Data section
· · · ·

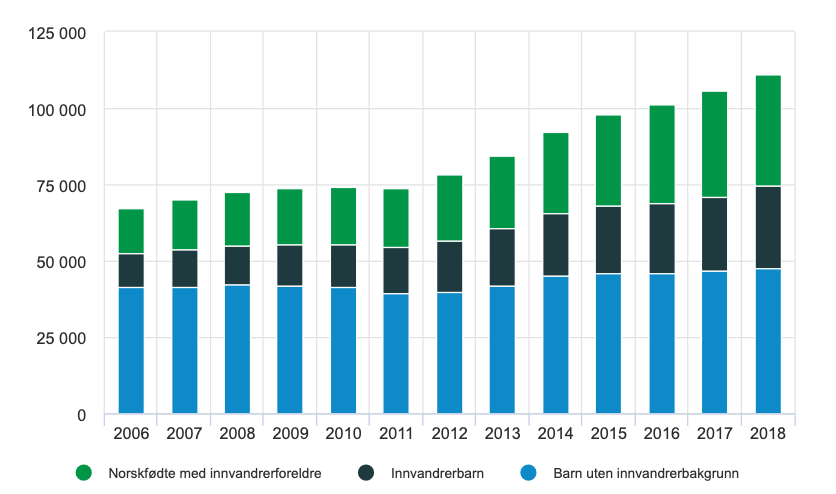 Selv om barn med innvandrerbakgrunn utgjør knappe 17 prosent av alle barn (over en treårsperiode), har de etter 2012 utgjort flertallet av alle barn i husholdninger med vedvarende lavinntekt. I 2018 var denne andelen på 57,2 prosent, mot 38,8 prosent i 2006.
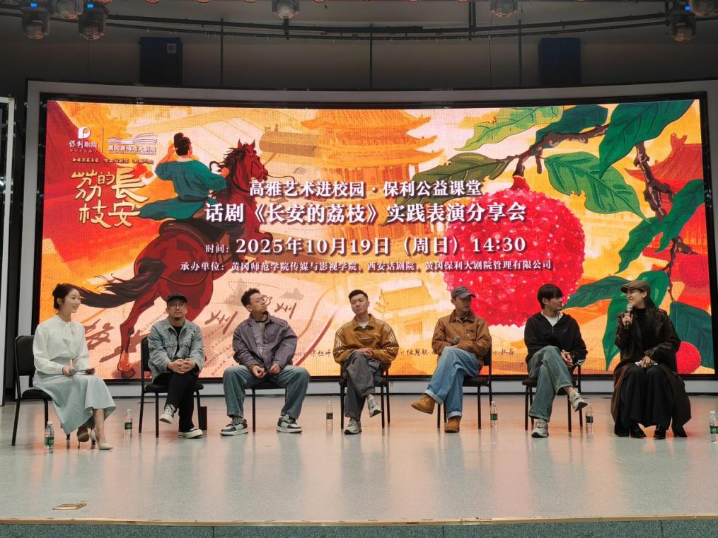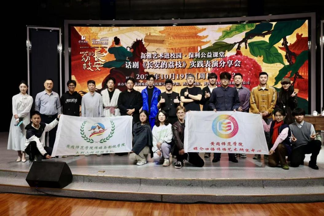 10月19日,一场以“高雅艺术进校园助力科学家精神传扬”为主题的话剧交流活动在黄冈师范学院传媒与影视学院开展。此次活动由该院、西安话剧院以及黄冈保利大剧院联合承办,特邀入选第四届长三角城市戏剧节的《长安的荔枝》剧组到场,为学院原创话剧《地脉寻踪》提供公益指导,同时搭建师生与专业剧组交流的平台。百余名师生参与活动,共同为《地脉寻踪》的排演完善与后续公演蓄力。
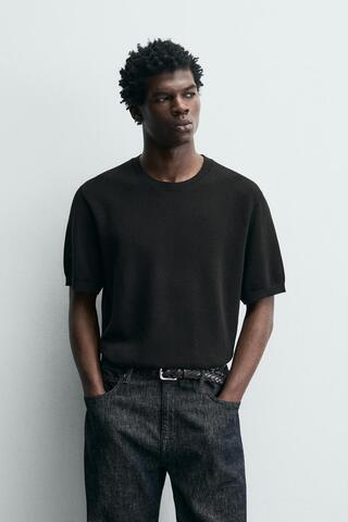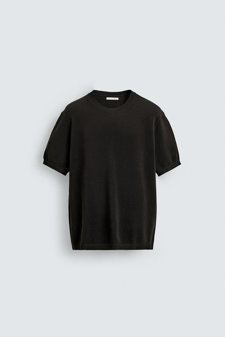 ZARA ФУТБОЛКА RELAXED FIT ИЗ ТРИКОТАЖА, ШОКОЛАДНЫЙ
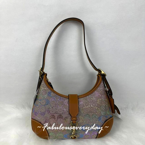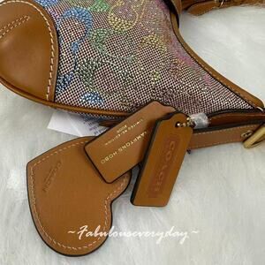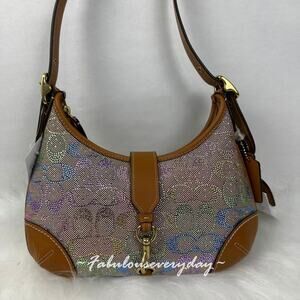 New With Tags, Coach Hamptons Hobo Bag Shoulder In Crystal Signature Jacquard Rainbow CCX16 NWT from smoke and pet free environment.
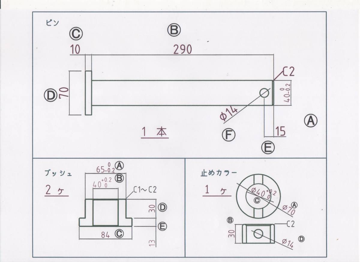 - NO.416 φ40用 バケットピン一式 バケットピン1本 ブッシュ 2個 止めカラー1個(リンクストッパー)
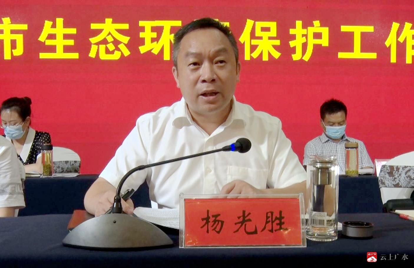 杨光胜指出,根据党中央、国务院统一部署,中央第三生态环境保护督察组已正式进驻湖北,开展为期30天的生态环保督查工作。广水市上下要深化思想认识,深刻理解配合做好中央环保督察工作的重大意义,以最高站位主动接受环保督察。开展生态环保督查是对广水市党员干部的“政治体检”,是对生态环保工作的“集中检阅”,是助推广水高质量发展的“重要契机”。相关部门要端正态度,以最实举措全力配合环保督察,坚决保障到位、坚决配合到位、坚决整改到位。要转变观念,以最大力度推进绿色转型发展,更加注重发挥生态环保的“倒逼”作用,促进经济社会发展全面绿色转型,不断擦亮广水高质量发展的生态底色。要围绕“防”做加法,切实守牢绿色低碳发展、自然生态安全“两条底线”,推动广水市生态环境美起来、靓起来;要围绕“治”做减法,聚焦生态保护中的突出问题,集中优势兵力、动员各方力量,群策群力、群防群治,一个战役一个战役打、一个问题一个问题治,补短板、强弱项、促提升,不断改善环境质量,增强人民群众生态环境的获得感、幸福感、安全感;要围绕“转”做乘法,集中力量实施一批重大生态环境领域项目,不断发展壮大风光发电和新兴低碳产业,加快优化调整产业结构、交通运输结构和用地结构,推动广水市经济社会发展全面绿色转型,走好绿色低碳、高质量发展道路。
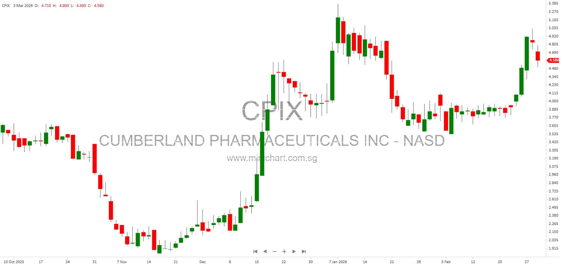 View CUMBERLAND PHARMACEUTICALS INC Historical chart here
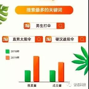 这个夏天,男生们已经逐渐放下“直男的矜持”,开始实现打伞自由。淘宝数据显示,从5月起,关键词“直男太阳伞“、“硬汉遮阳伞”的搜索量较去年增长102%,成交量同比增幅达75%。
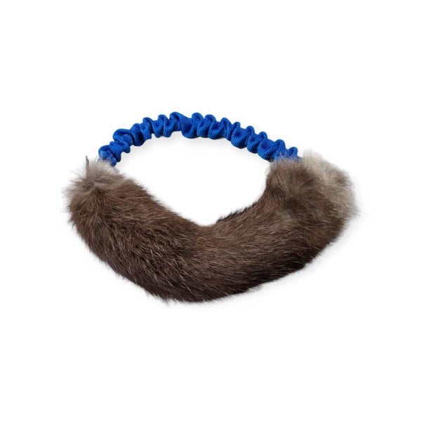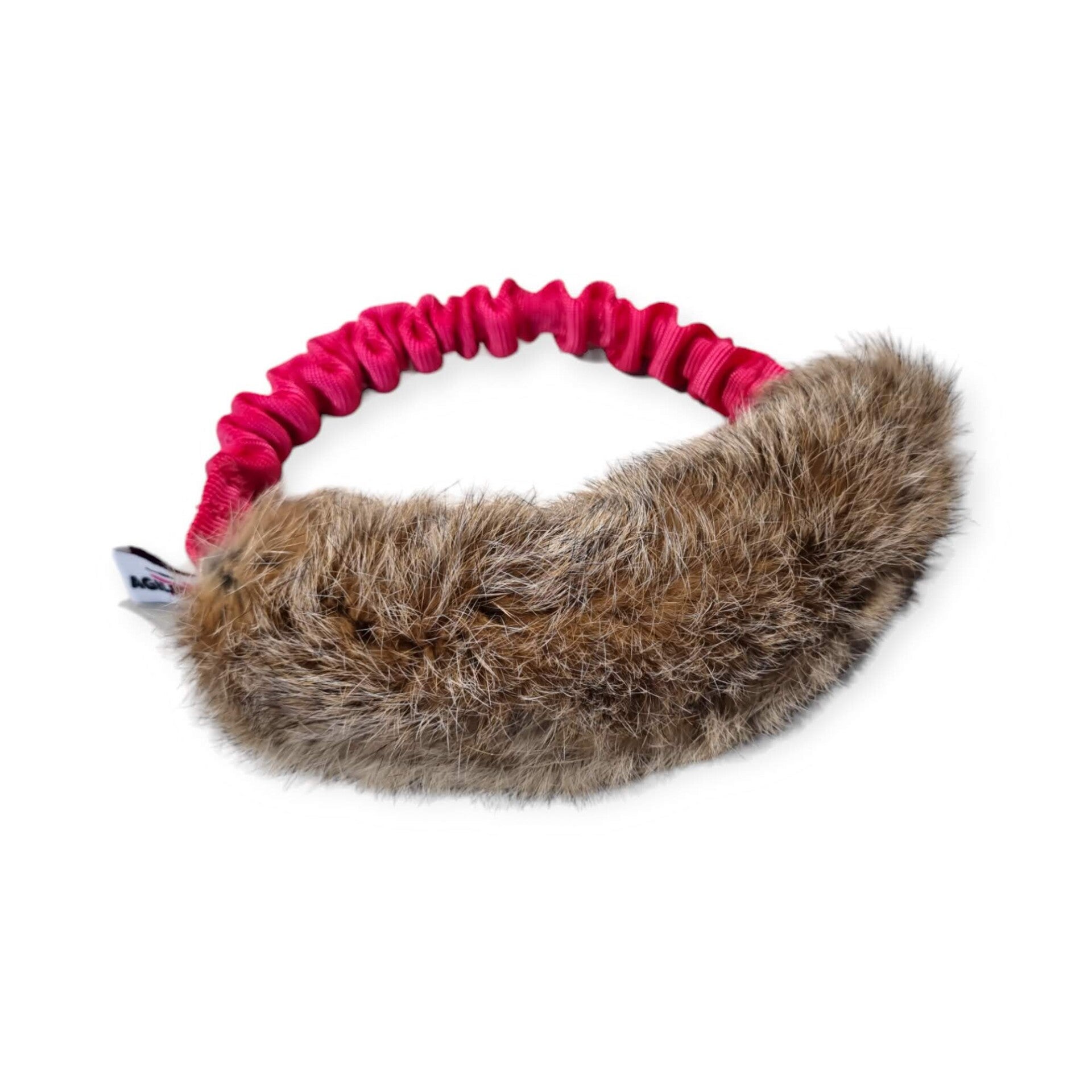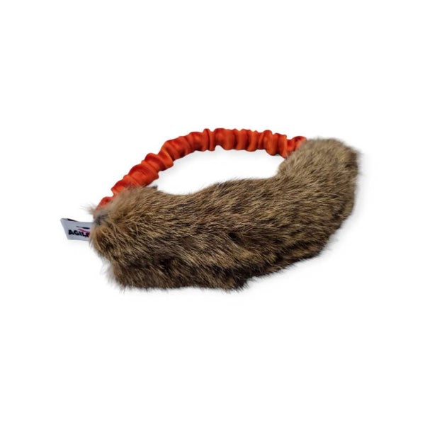 This Agilitoy has a round handle with bungee and a rabbitskin-covered bite-area.
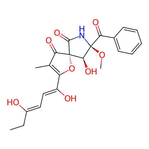 | InChI | InChI=1S/C22H23NO8/c1-4-14(24)10-11-15(25)16-12(2)17(26)21(31-16)19(28)22(30-3,23-20(21)29)18(27)13-8-6-5-7-9-13/h5-11,19,24-25,28H,4H2,1-3H3,(H,23,29)/b14-10-,15-11-/t19-,21-,22-/m0/s1 |
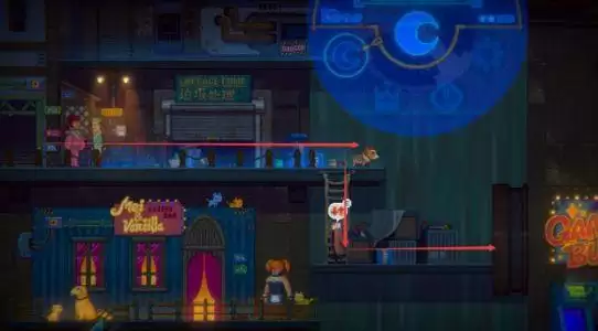 一直跟着小男孩向前跑,他会跑进一个巷子,主角没有选择继续追赶,此时店门口出现一个老人和一个小女孩,我们告诉他情况之后,得知老人就是要找的查尔斯,他看完植入设备的照片后,提到有个叫布兰克的机器人脑中也有这个装置,我们可以去找一找布兰克。布兰克是奇妙街的全息导游花音的维护技师,她也许知道线索,于是我们一直向右走前往奇妙街。
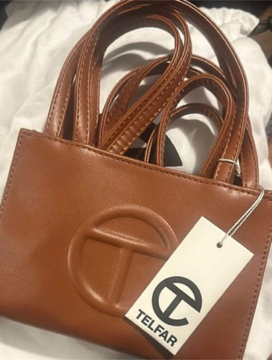 This is a small Telfar shopper bag. It's made of vegan leather. This bag's iconic design makes it a statement piece!
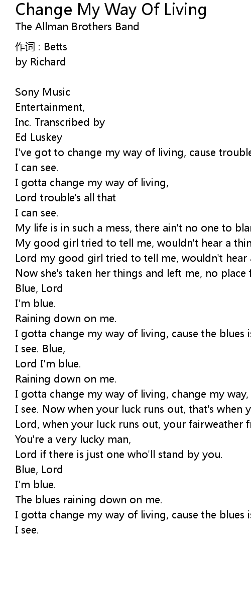 | I' ve got to change my way of living, cause trouble' s all that | |
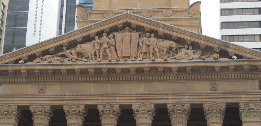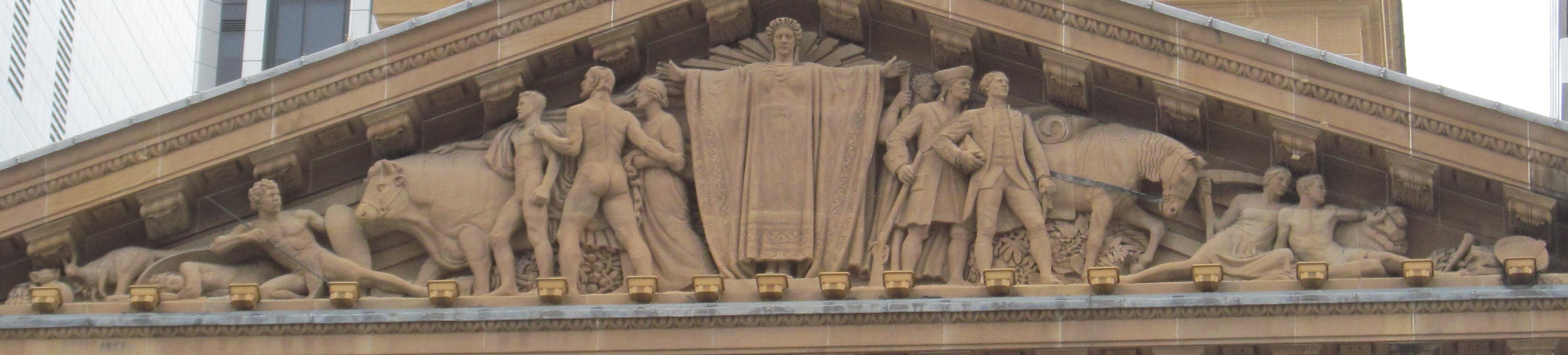 The coolest side of City Hall is the front, of course. If you'd like to see a kangaroo, a bull, and *gasp* some nudity, click on the last photo for a closeup. It's the 1930 tympanum created by sculptress Daphne Mayo, depicting white settlers pushing away native animals and people from the central figure of "enlightenment." The cringeworthy name is "The Progress of Civilisation in the State of Queensland." I think we've learned since then.
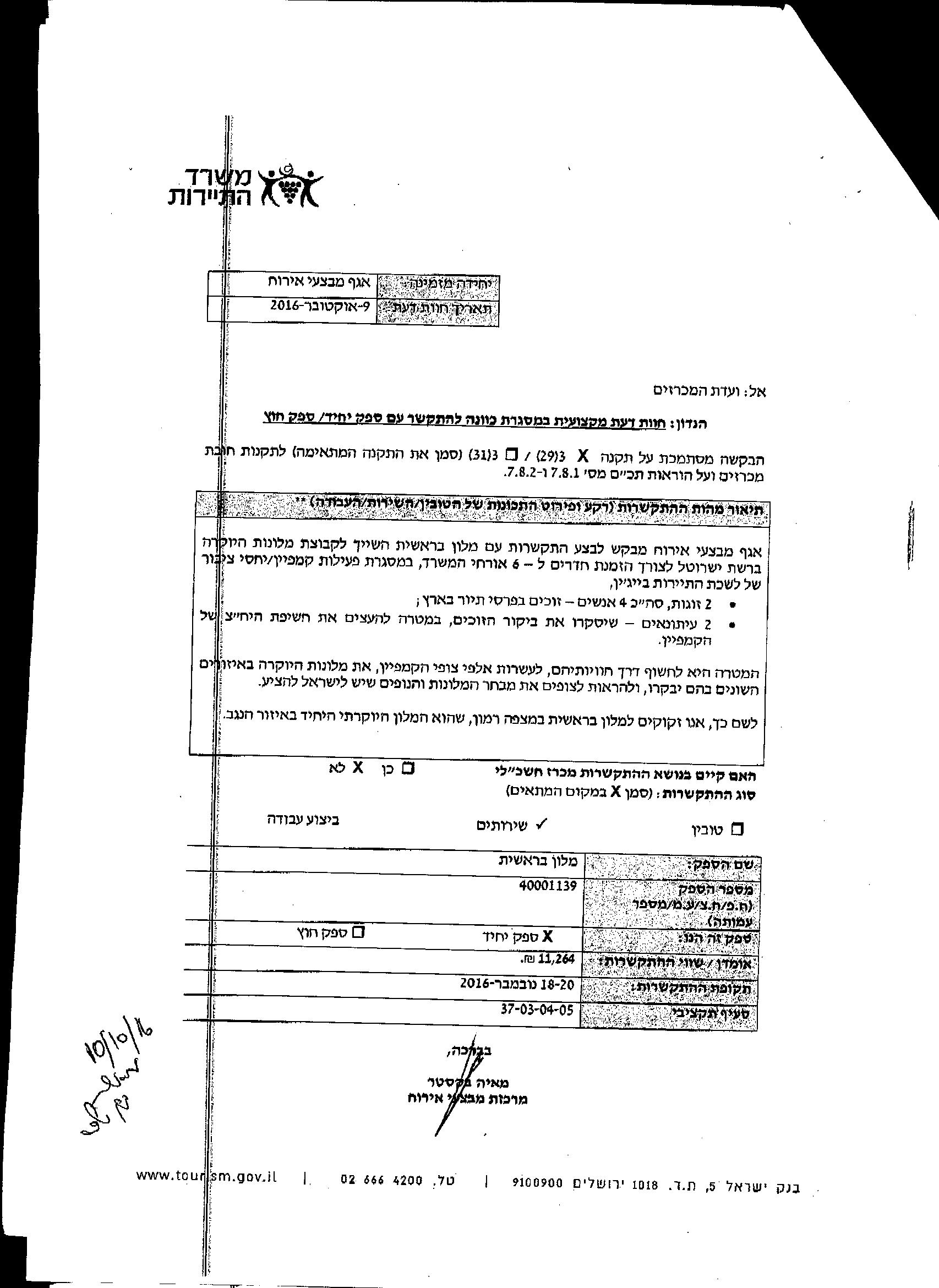 התקשרות עם מלון בראשית לשם מתן שירותי אירוח
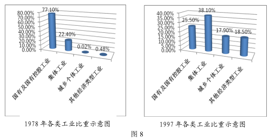 32.图8分别是1978年、1997年我国各类工业比重示意图,从1978年到1997年的变化表明
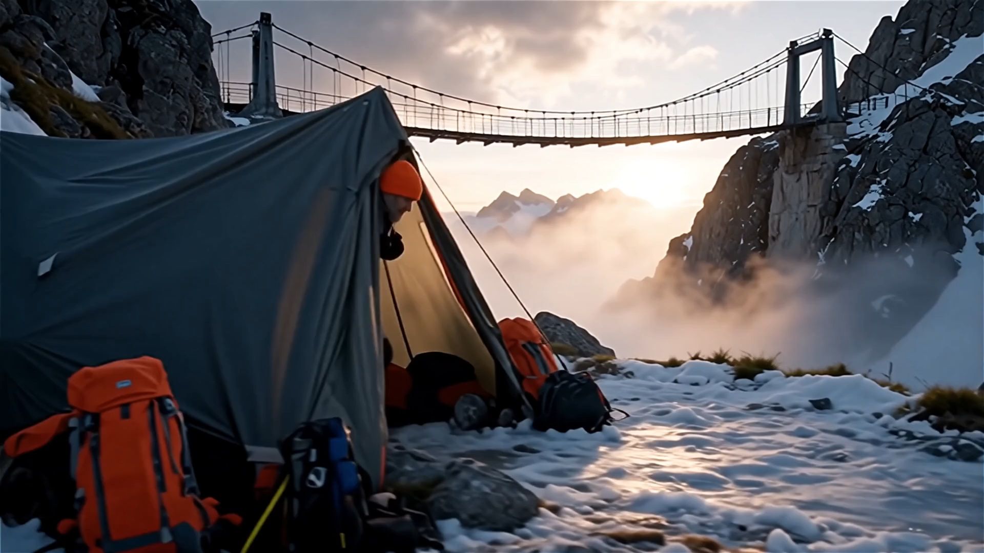 Highly cinematic video, multiple dynamic camera angles, the construction team leaving their bivouac and go to a giant bridge between two mountains. As they reach the bridge, they lay down their backpacks and put on their warning jackets. Close-up of a team member radioing the base station: "We reached the bridge and are ready for repairing... send the heli!"

· · · ·

Aim of the task
Print each entry exactly, leaving pictures out.

Expected answer
 Selv om barn med innvandrerbakgrunn utgjør knappe 17 prosent av alle barn (over en treårsperiode), har de etter 2012 utgjort flertallet av alle barn i husholdninger med vedvarende lavinntekt. I 2018 var denne andelen på 57,2 prosent, mot 38,8 prosent i 2006.
 10月19日,一场以“高雅艺术进校园助力科学家精神传扬”为主题的话剧交流活动在黄冈师范学院传媒与影视学院开展。此次活动由该院、西安话剧院以及黄冈保利大剧院联合承办,特邀入选第四届长三角城市戏剧节的《长安的荔枝》剧组到场,为学院原创话剧《地脉寻踪》提供公益指导,同时搭建师生与专业剧组交流的平台。百余名师生参与活动,共同为《地脉寻踪》的排演完善与后续公演蓄力。
 ZARA ФУТБОЛКА RELAXED FIT ИЗ ТРИКОТАЖА, ШОКОЛАДНЫЙ
 New With Tags, Coach Hamptons Hobo Bag Shoulder In Crystal Signature Jacquard Rainbow CCX16 NWT from smoke and pet free environment.
 - NO.416 φ40用 バケットピン一式 バケットピン1本 ブッシュ 2個 止めカラー1個(リンクストッパー)
 杨光胜指出,根据党中央、国务院统一部署,中央第三生态环境保护督察组已正式进驻湖北,开展为期30天的生态环保督查工作。广水市上下要深化思想认识,深刻理解配合做好中央环保督察工作的重大意义,以最高站位主动接受环保督察。开展生态环保督查是对广水市党员干部的“政治体检”,是对生态环保工作的“集中检阅”,是助推广水高质量发展的“重要契机”。相关部门要端正态度,以最实举措全力配合环保督察,坚决保障到位、坚决配合到位、坚决整改到位。要转变观念,以最大力度推进绿色转型发展,更加注重发挥生态环保的“倒逼”作用,促进经济社会发展全面绿色转型,不断擦亮广水高质量发展的生态底色。要围绕“防”做加法,切实守牢绿色低碳发展、自然生态安全“两条底线”,推动广水市生态环境美起来、靓起来;要围绕“治”做减法,聚焦生态保护中的突出问题,集中优势兵力、动员各方力量,群策群力、群防群治,一个战役一个战役打、一个问题一个问题治,补短板、强弱项、促提升,不断改善环境质量,增强人民群众生态环境的获得感、幸福感、安全感;要围绕“转”做乘法,集中力量实施一批重大生态环境领域项目,不断发展壮大风光发电和新兴低碳产业,加快优化调整产业结构、交通运输结构和用地结构,推动广水市经济社会发展全面绿色转型,走好绿色低碳、高质量发展道路。
 View CUMBERLAND PHARMACEUTICALS INC Historical chart here
 这个夏天,男生们已经逐渐放下“直男的矜持”,开始实现打伞自由。淘宝数据显示,从5月起,关键词“直男太阳伞“、“硬汉遮阳伞”的搜索量较去年增长102%,成交量同比增幅达75%。
 This Agilitoy has a round handle with bungee and a rabbitskin-covered bite-area.
 | InChI | InChI=1S/C22H23NO8/c1-4-14(24)10-11-15(25)16-12(2)17(26)21(31-16)19(28)22(30-3,23-20(21)29)18(27)13-8-6-5-7-9-13/h5-11,19,24-25,28H,4H2,1-3H3,(H,23,29)/b14-10-,15-11-/t19-,21-,22-/m0/s1 |
 一直跟着小男孩向前跑,他会跑进一个巷子,主角没有选择继续追赶,此时店门口出现一个老人和一个小女孩,我们告诉他情况之后,得知老人就是要找的查尔斯,他看完植入设备的照片后,提到有个叫布兰克的机器人脑中也有这个装置,我们可以去找一找布兰克。布兰克是奇妙街的全息导游花音的维护技师,她也许知道线索,于是我们一直向右走前往奇妙街。
 This is a small Telfar shopper bag. It's made of vegan leather. This bag's iconic design makes it a statement piece!
 | I' ve got to change my way of living, cause trouble' s all that | |
 The coolest side of City Hall is the front, of course. If you'd like to see a kangaroo, a bull, and *gasp* some nudity, click on the last photo for a closeup. It's the 1930 tympanum created by sculptress Daphne Mayo, depicting white settlers pushing away native animals and people from the central figure of "enlightenment." The cringeworthy name is "The Progress of Civilisation in the State of Queensland." I think we've learned since then.
 התקשרות עם מלון בראשית לשם מתן שירותי אירוח
 32.图8分别是1978年、1997年我国各类工业比重示意图,从1978年到1997年的变化表明
 Highly cinematic video, multiple dynamic camera angles, the construction team leaving their bivouac and go to a giant bridge between two mountains. As they reach the bridge, they lay down their backpacks and put on their warning jackets. Close-up of a team member radioing the base station: "We reached the bridge and are ready for repairing... send the heli!"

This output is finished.